The portal has no built-in process management support. It does not know how to define a process or how to run one.
It is possible to define a process in data, using something like JSON. The data can link to nodes that contain scripts that define functionality, plus configuration and flow logic to control the process. It is possible to create a script that interprets this data and which can invoke the required functionality for the current state of the process. The process definition and script can be associated with a node type which means we can now have a node type that can hold a process definition and can execute a process.
The process definition can be a bit complicated to get right, so it might be worth creating a better way of defining it. The portal lets you define a process using a series of forms, to define the possible actions, functions and rules within the process. This can be easier than editing a process definition directly. These forms are then turned into the process definition using the data calculation approach, so that the process definition changes whenever the data on the forms change.

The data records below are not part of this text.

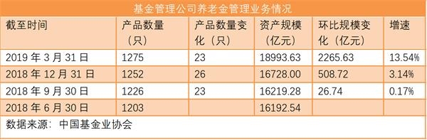此外,根据披露的一季度基金管理公司及其子公司私募资产管理业务规模,截至3月31日,基金管理公司管理养老金产品达1275只,管理资产规模为18993.63亿元。相较于2018年末,养老金产品数量增加23只,规模环比上涨2265.63亿元。
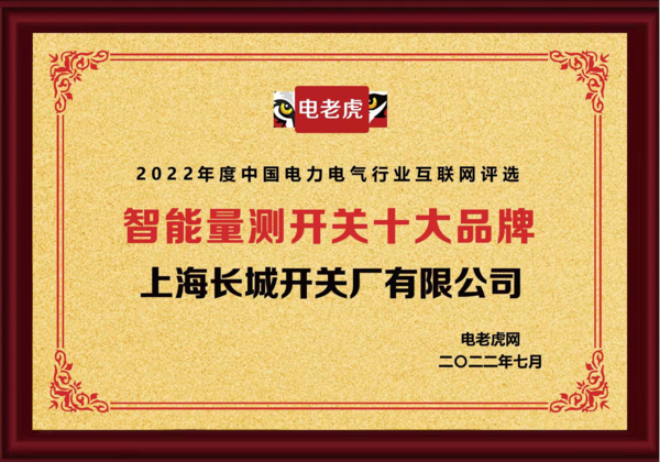 2022中国“智能量测开关十大品牌”旨在表彰智能量测开关年度优秀企业,提升品牌地位和影响力,获得更多行业荣誉。经过数十天激烈的竞争,上海长城开关厂有限公司凭借超强的综合实力及品牌影响力荣获“智能量测开关十大品牌” 荣誉称号。
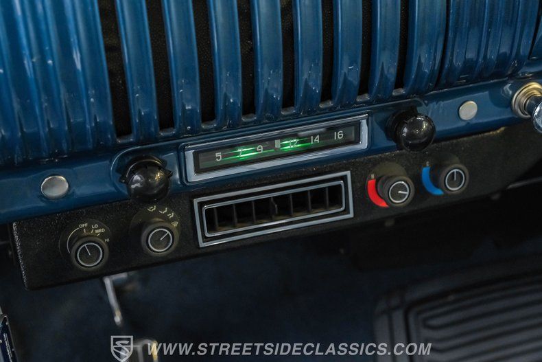 Highlights 350 V8 Engine with Edelbrock Carburetor 700R4 4-Speed Automatic Transmission Mustang II Front Suspension 10-Bolt Rear Axle with Lowering Blocks Power Steering and Power Brakes Under Dash Air Conditioning Blue Vinyl Interior Billet Steering Wheel on Tilt Column Lokar Floor Shifter Kenwood AM/FM/CD/Aux Radio Two-Tone Blue Paint with Chrome Accents Wood Plank Bed Clear Upgraded Headlights Financing Available Vehicle Protection Plans Available Worldwide Shipping
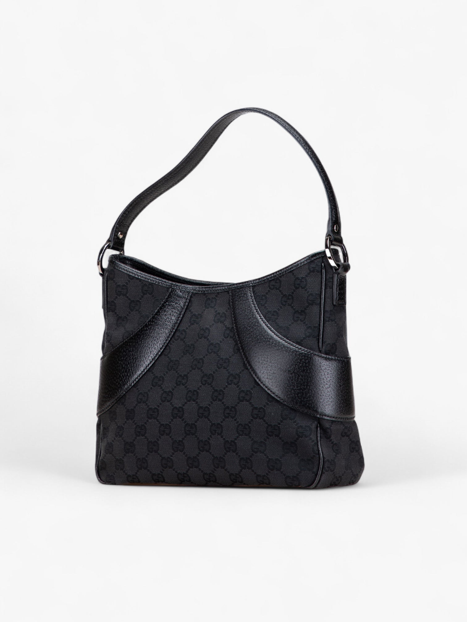 The Gucci GG Canvas Shoulder Bag is a versatile everyday piece, crafted from signature GG canvas with smooth leather trim. It features a flat leather strap, an open top with magnetic closure, and an interior zip pocket. A practical design with understated elegance, ideal for daily wear.

To make it even easier, it would be good to be able to enter the processes as diagrams. To achieve this, the portal provides a node type which can interpret an uploaded business process model created in an industry standard format, convert this to it's own process definition, and then execute that process. This means the portal can support model-driven process design and execution, all without having any built-in support for process management.
There's more
As well as node handling, the portal contains great integration features. It has comprehensive inbound and outbound web service support, is integrated with lots of browser libraries like editors, comes with back-end integration to services like email and search engines, and all of this can be extended as much as you need, all within the same secure, data-driven node approach.